De acordo com um morador de rua entrevistado pelo Porque em dezembro de 2022, a gestão Manga tem como meta dificultar a existência de moradores de rua pois, além de sequestrar seus pertences, está intimidando proprietários de restaurantes que doam alimentos. “Ele mandou avisar que vai multar e até fechar o restaurante”, afirmou Gerson, que tem raízes na colônia ítalo-espanhola da Vila Haro e fez dois anos de Química na OSE. Veja link no final desta matéria.
Abusos e estudos
Quirino contou à reportagem que sofreu abuso sexual duas vezes quando tinha 9 anos de idade. “Uma vez por um amigo de meu pai e outra por um primo mais velho.” Ele afirma que esse trauma o consumiu até os 40 anos de idade, quando buscou ajuda profissional. “Fiz tratamentos psicológicos tanto na PUC mineira quando na PUC de Sorocaba”, lembrou-se.

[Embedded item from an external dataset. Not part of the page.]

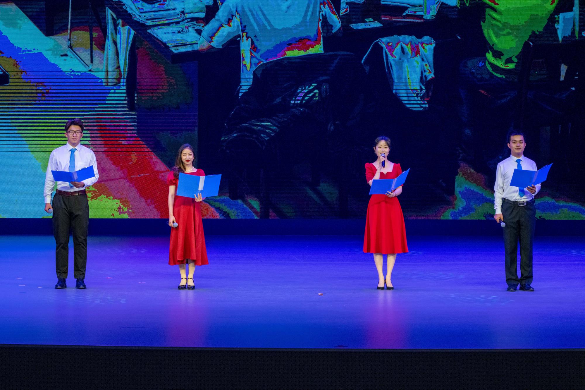 本届诗会汇报演出在叙事角度、节目内容和呈现形式等方面出新出彩,为师生们奉上了一道思想性、艺术性、观赏性俱佳的“文化大餐”。演出在舞蹈《天浴》中拉开帷幕,节目取材于藏族民间“沐浴节”呈现出的人与自然和谐并存美好画面,让观众在遏云响清、舞转回袖之间领略古典魅力。诗会以诗意纵览古今,聚焦新演绎。诗词咏唱《清平调》《声声慢》悦耳动听、余音袅袅,让经典再现原有的韵律、温度和情感;历史短剧《苏公炭》《汉书》《商鞅》将岁月长河中一幕幕鲜活的景象跃然展现于舞台之上。诗会以共情润心润人,展示新风格。朗诵《从五月款款走来的女子》以独特的视角,将谢道韫、李清照等女性文学家的故事娓娓道来,展示文学、生命与灵魂之美;《诗词里的家国》《唐诗里的中国》营造了丰富的意境,传递了千古诗意。诗会关照历史与现实,亦书写了新篇章。《我们的青春》以诗歌方式跨越时空,展现历久弥新的奉献精神和中华文化永恒的精神内核;配音《声罗万象》形式新颖生动,表演极具感染力;《读中国》《青春颂》则以诗诵情、以歌咏志,充分展现矿大师生昂扬奋发的精神面貌和矢志不渝的家国情怀。演出在女生小合唱《绿水青山》婉转悠扬的旋律中落幕。

O pai de Quirino trabalhava na montadora de carros Karmann-Ghia, em São Bernardo do Campo-SP, e a mãe era diarista. Já o jovem Quirino, por volta de 1975, cursou hotelaria e gastronomia no Senac/São Paulo e trabalhou em diversos restaurantes e buffets. “Fui chefe de buffet na Lapa [em SP].”
Em 1981, aos 23 anos de idade, Quirino perdeu uma filha do primeiro relacionamento, o que o abalou bastante. Mais tarde, em um segundo relacionamento, teve cinco filhos. Porém, anos depois, a família começou a se desagregar e, quando ele tinha cerca de 35 anos de idade, nos anos 90, rendeu-se ao alcoolismo.
O início nas ruas
Alcóolico e com vínculos familiares interrompidos, tornar-se morador de rua foi uma consequência infelizmente comum nesses casos. Porém, ainda em São Paulo, Quirino teve contato com a pastoral católica liderada pelo Padre Júlio Lancellotti.

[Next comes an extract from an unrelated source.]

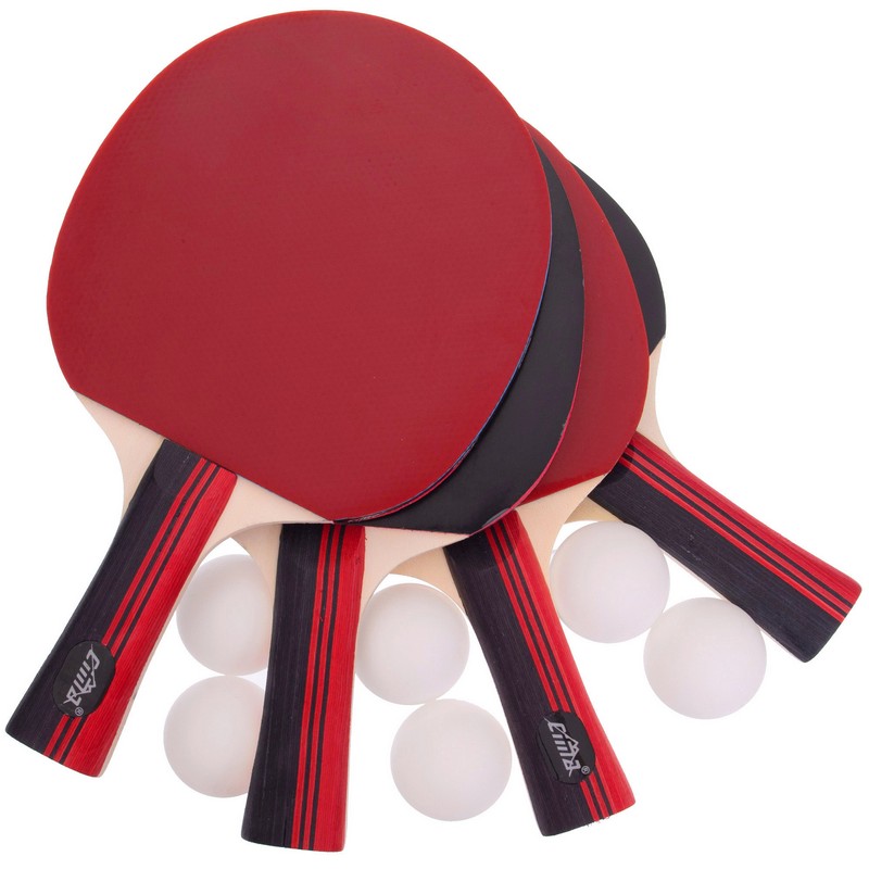 Ракетки: В набор входят четыре ракетки, изготовленные из древесины и резины (Дерево / Резина). Гладкая поверхность ракеток обеспечивает игрокам возможность выполнять точные и мощные удары, а также отличный контроль над мячом.

Nessa época, o morador de rua começou a tratar-se na Aliança da Misericórdia, mantida pela Igreja, e a exercer atividades em frentes de trabalho, como serviços de limpeza, realizadas em parceria da pastoral de moradores de rua do Padre Lancellotti com a então prefeita Marta Suplicy (PT).
Com essa ajuda, em poucos meses ele se livrou do alcoolismo, mas continuou sem teto. Como tinha formação em gastronomia, trabalhou como cozinheiro em albergues nos quais se abrigou.
Ele conta que nunca se envolveu com outras drogas. “Minhas drogas eram a Cavalinho e Tatuzinho [marcas de pinga].” Hoje, “o único vício, de vez em quando, é o fumo de corda na palha”.
Na sequência – e com vontade de estudar – passou a frequentar cursos do MST e do Movimento dos Sem Teto. “O MST tinha uma base no bairro Brás”, explica. Na cidade de São Paulo, Quirino viveu 8 anos morando nas ruas.
Movimentos sociais
Logo Quirino se envolveu nesses movimentos e começou a participar de ocupações de terras e imóveis abandonados. “Ocupamos a fazenda Vitória, em Presidente Prudente; e outra em Jequitaí (MG). Fui coordenador de acampamento e fiz parte de brigadas populares por moradia em Minas Gerais”, conta.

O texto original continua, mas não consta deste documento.